Records for the exercise:
-=-=-

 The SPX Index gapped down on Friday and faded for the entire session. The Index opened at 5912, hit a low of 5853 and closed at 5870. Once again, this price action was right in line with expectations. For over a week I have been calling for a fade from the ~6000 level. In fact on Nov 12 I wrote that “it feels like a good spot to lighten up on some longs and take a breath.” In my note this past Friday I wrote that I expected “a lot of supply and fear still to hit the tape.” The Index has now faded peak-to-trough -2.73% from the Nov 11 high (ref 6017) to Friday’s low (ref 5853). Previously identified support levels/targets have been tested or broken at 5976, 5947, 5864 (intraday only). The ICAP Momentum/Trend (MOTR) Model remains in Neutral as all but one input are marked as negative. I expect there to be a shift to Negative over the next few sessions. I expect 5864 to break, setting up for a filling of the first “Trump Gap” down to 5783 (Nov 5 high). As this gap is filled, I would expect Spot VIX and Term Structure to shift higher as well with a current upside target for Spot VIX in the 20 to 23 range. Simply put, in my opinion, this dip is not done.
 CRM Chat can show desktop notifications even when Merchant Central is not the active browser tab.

-=-=-

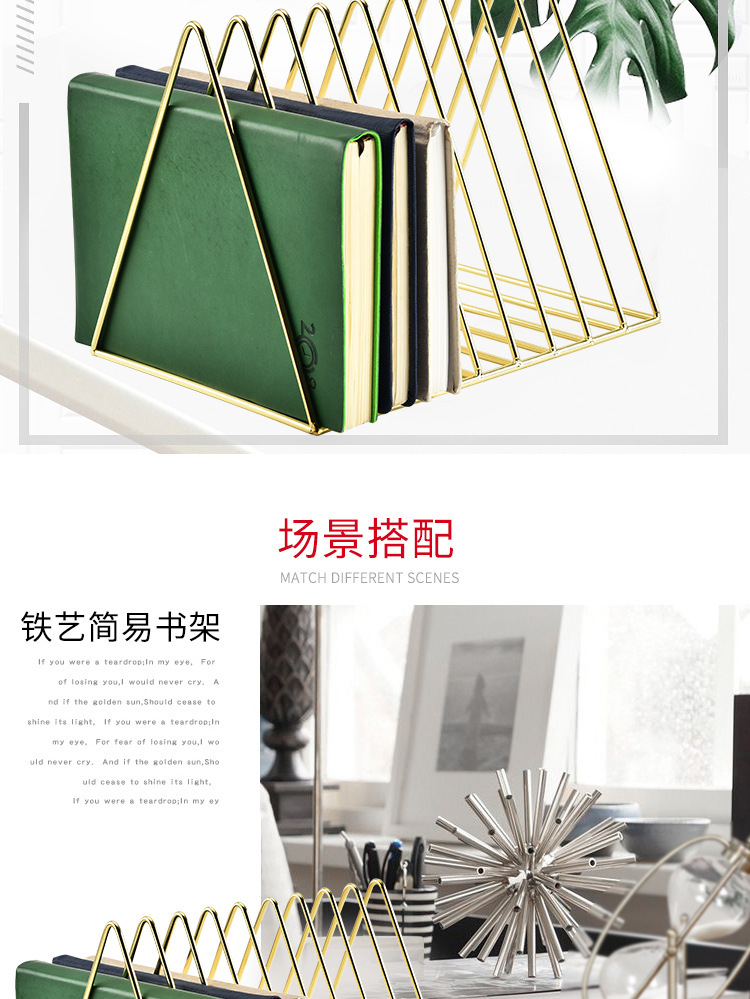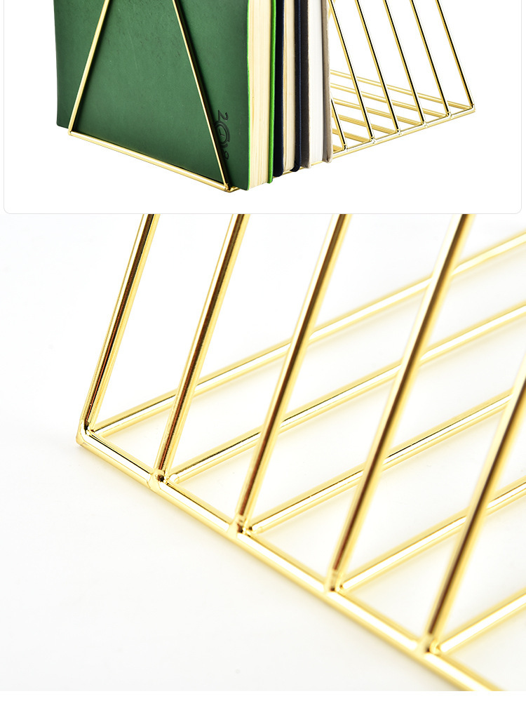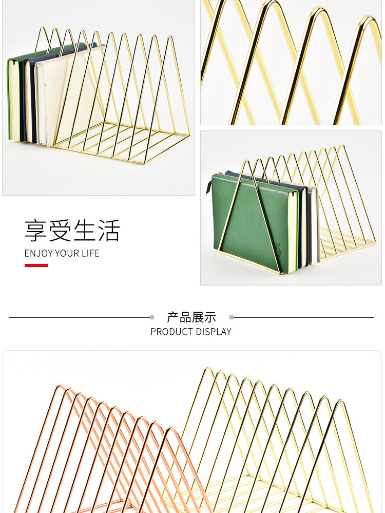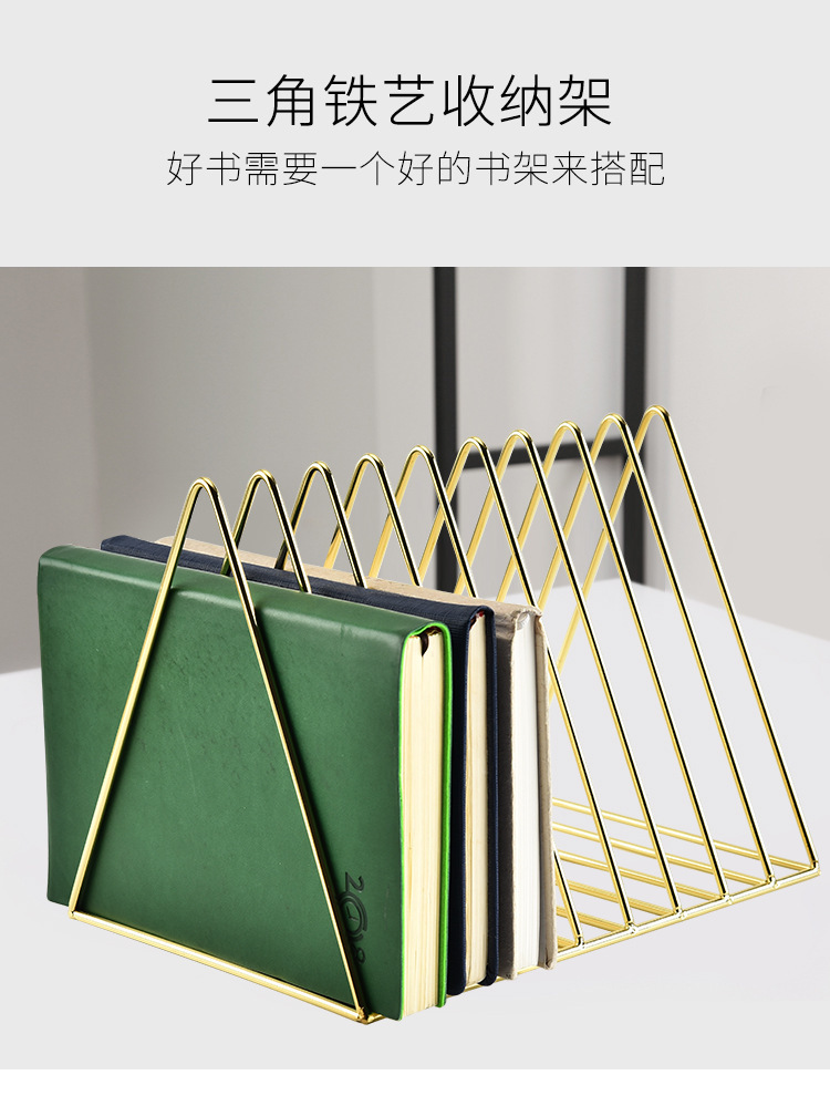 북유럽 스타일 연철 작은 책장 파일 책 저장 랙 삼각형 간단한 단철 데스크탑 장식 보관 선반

-=-=-

About this exercise: A word-for-word copy of the lines above from the one with "The SPX Index" through the one with "CRM Chat can", inclusive, is the only output wanted.

Answer to this problem:
 The SPX Index gapped down on Friday and faded for the entire session. The Index opened at 5912, hit a low of 5853 and closed at 5870. Once again, this price action was right in line with expectations. For over a week I have been calling for a fade from the ~6000 level. In fact on Nov 12 I wrote that “it feels like a good spot to lighten up on some longs and take a breath.” In my note this past Friday I wrote that I expected “a lot of supply and fear still to hit the tape.” The Index has now faded peak-to-trough -2.73% from the Nov 11 high (ref 6017) to Friday’s low (ref 5853). Previously identified support levels/targets have been tested or broken at 5976, 5947, 5864 (intraday only). The ICAP Momentum/Trend (MOTR) Model remains in Neutral as all but one input are marked as negative. I expect there to be a shift to Negative over the next few sessions. I expect 5864 to break, setting up for a filling of the first “Trump Gap” down to 5783 (Nov 5 high). As this gap is filled, I would expect Spot VIX and Term Structure to shift higher as well with a current upside target for Spot VIX in the 20 to 23 range. Simply put, in my opinion, this dip is not done.
 CRM Chat can show desktop notifications even when Merchant Central is not the active browser tab.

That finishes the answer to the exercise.